It's sort of amazing the things people will say in front of you. I'm not sure if they think being on the other side of an open doorway means you can't hear them or if they just imagine you won't care, but every once in a while I'll encounter a bit of indiscretion that completely floors me.
"Obama's tryin' to take the assault rifles," one of the greasy men drawled to the other. They were repairing my car as they talked, and it occurred to me that both the manner and substance of their conversation did not necessarily need to materialize in an auto shop in Mountain Town. Their dialect, a vaguely drawn-out twang shared by workingmen from the East Coast to the Rocky Mountains, might have popped up anywhere across the American continent, as might the faux-libertarian sentiment that accompanied it.
"He's tryin' to override the Constitution," one of them informed the other with all the solemnity of the completely uneducated. "And I heard some Republican senators were saying, 'It ain't gonna happen.' You know, he already raised all the taxes with that fiscal cliff."
I exhaled through my nose but kept my mouth shut. This wasn't my fight and there was nothing I could say that would change these men's minds.
When they came into the room where I was waiting, though, they continued.
"What we need," said one to the other. "Is another Lee Harvey Oswald."

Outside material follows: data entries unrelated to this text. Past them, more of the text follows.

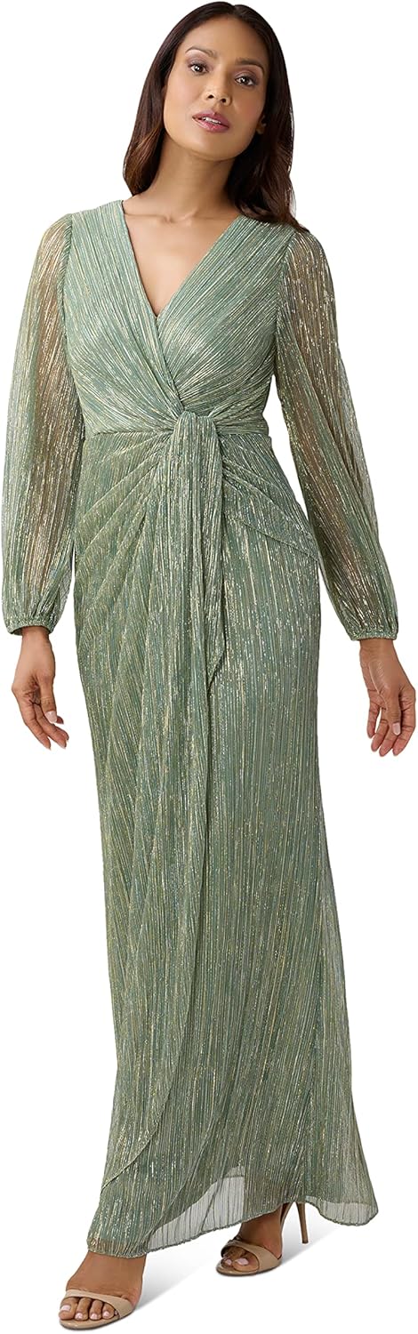 Adrianna Papell Women’s Metallic Mesh Draped Gown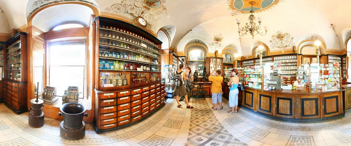 Переступивши поріг аптеки-музею, наче потрапляєш у розкішну старовину. Власники аптек намагались привабити клієнтів. Тому тут можна побачити декоративні меблі, художні розписи на стінах та стелі, а також вітражами декоровані вікна. Інтер’єр торгового залу оздоблений поліхромними розписами віденських майстрів.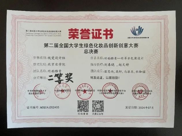 第二届全国大学生绿色化妆品创新创意大赛总决赛 生资学院参赛队伍荣获二等奖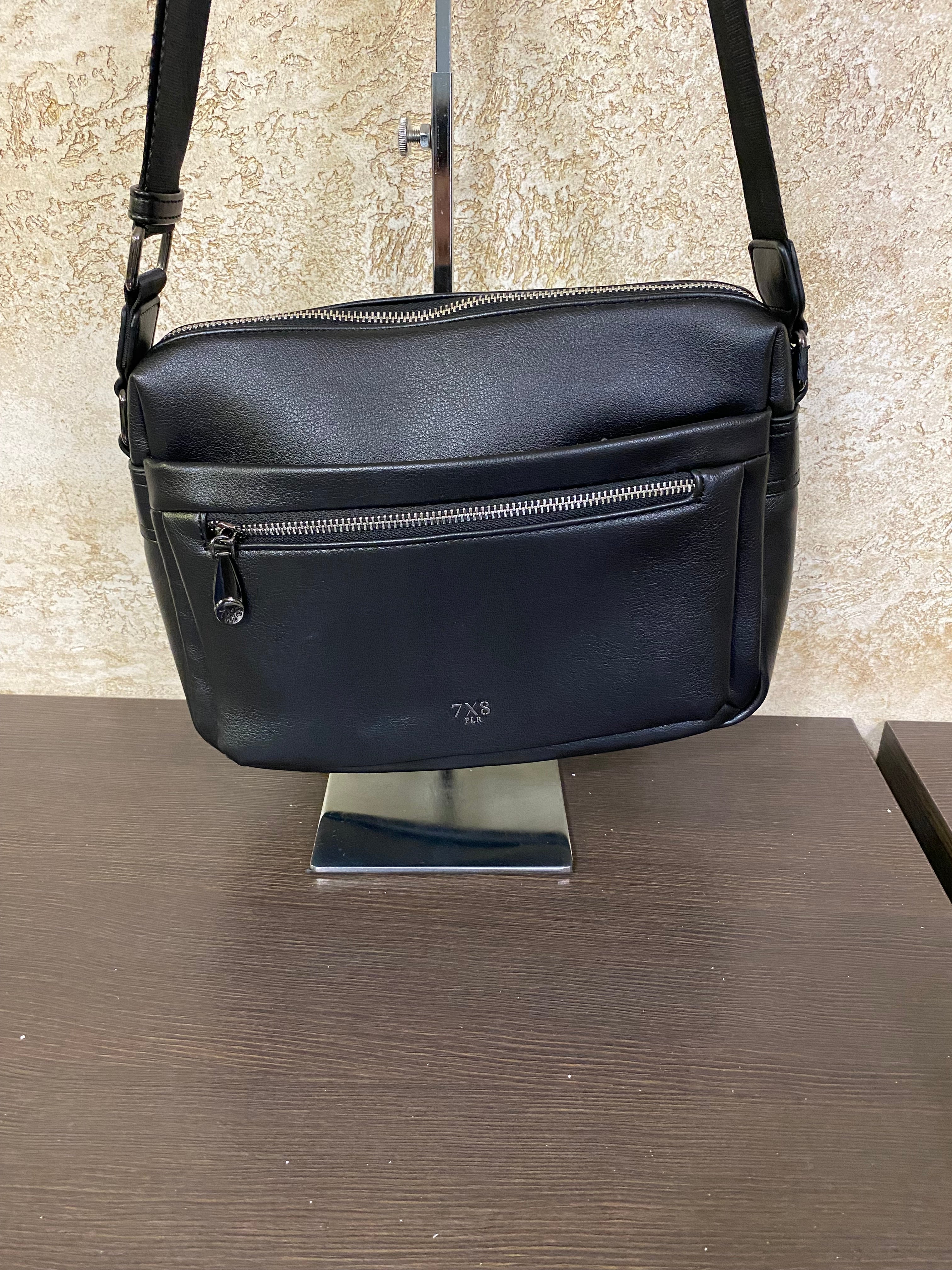 Borsello in vera pelle nero, sono presenti tre tasche sul davanti e una sul retro del borsello, la prima tasca più grande é sopra con cerniera, la seconda é nascosta da una fessura sempre con la cerniera, la terza é quella più piccola è più a vista sempre con cerniera, la tasca dietro é di medie dimensioni sempre con cerniera, tracolla nera regolabile
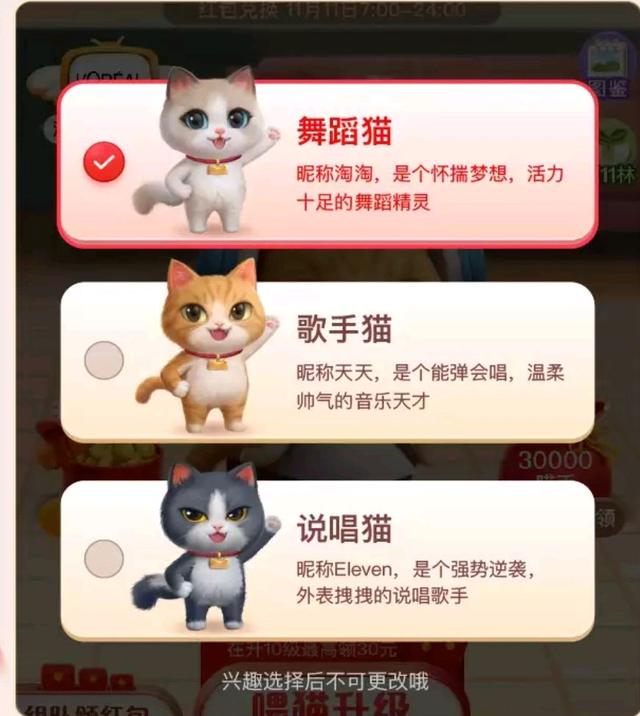 养猫分为几个步骤,第一选择兴趣班,有舞蹈猫,歌手猫,说唱猫三种,只能选择其一,且不能更改。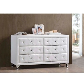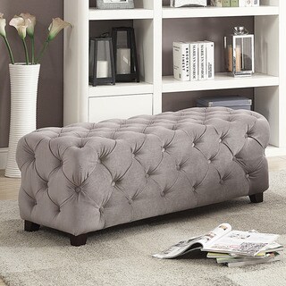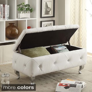 This tufted bench features faux crystal button tufting and chrome-plated legs that combine to create an elegant look. Available with white or black upholstery, this faux leather bench is easy to coordinate with your existing decor. Made with durable rubberwood, this bench has foam cushioning for your comfort and is easy to keep clean.This tufted bench is an attractive piece in a classic style that's sure to attract attention. The solid rubberwood frame is covered in easy-care white faux leather and tufted with crystal-clear buttons that give the bench extra sparkle and depth. The metal legs are covered in brilliant chrome plate, completing this dazzling addition to your home.

He grinned the way a grandfather might grin at a small child awaiting a present. It all just seemed so damn pleasant, this talk of our president being violently murdered, and I was reminded once more how deceptive the South can be. It is a land of natural beauty prone to economic privation. It is a land whose residents imagine themselves courteous but whose knowledge of actual courtesy stops at the words "sir"and "ma'am" (never, incidentally, "madam"). It is a land whose political culture extols democracy but whose politicians exploit a deep undercurrent of petty fascism. And it is a land where extremism can appear less virulent than it really is because it is shared by so many.
"Lee Harvey Oswald?" I asked, finally unable to hold my tongue. "Are you talking about the new book on him? Is that what it is?"
One looked at the other and smiled.
"Yeah," he said. "I heard there was a new book."
I wonder what they must think of me? I'm tall and thin in a region of walking sows, with long hair and a delicate face and an accent that to them must sound somewhat foreign. I can't imagine they see me as one of their own. So what had they been thinking?
"You know," the first one said, looking at me with contrition. "Obama wants to roll over the Constitution and that's not right. You can't do that."
In an instant he was remorseful, then genial and talkative again. But his true feelings were still there, just beneath the surface. Just waiting to come out.
These people and the overlords who profit from them will never simply allow us to enact finance reform, or gun safety, or marriage equality, or anything else that this country needs to move forward. They are the same men who fomented Jim Crow. They are the same men who invented the term "right to work." They are the same men who propagated massive resistance when the Supreme Court had the audacity to state that black children and white children were equal.
We sometimes forget, in this comparatively tranquil era, that the civil rights movement was not won with words. The North did not transform the South through compromise and agreement; it transformed it through force. And when the public high schools of Little Rock, Arkansas were at last integrated, it was at the bayonet tips of the 101st Airborne. The duplicitous forces of conservatism have never willingly given us anything. Each time, in all matters, we've taken it.
That's something to remember now.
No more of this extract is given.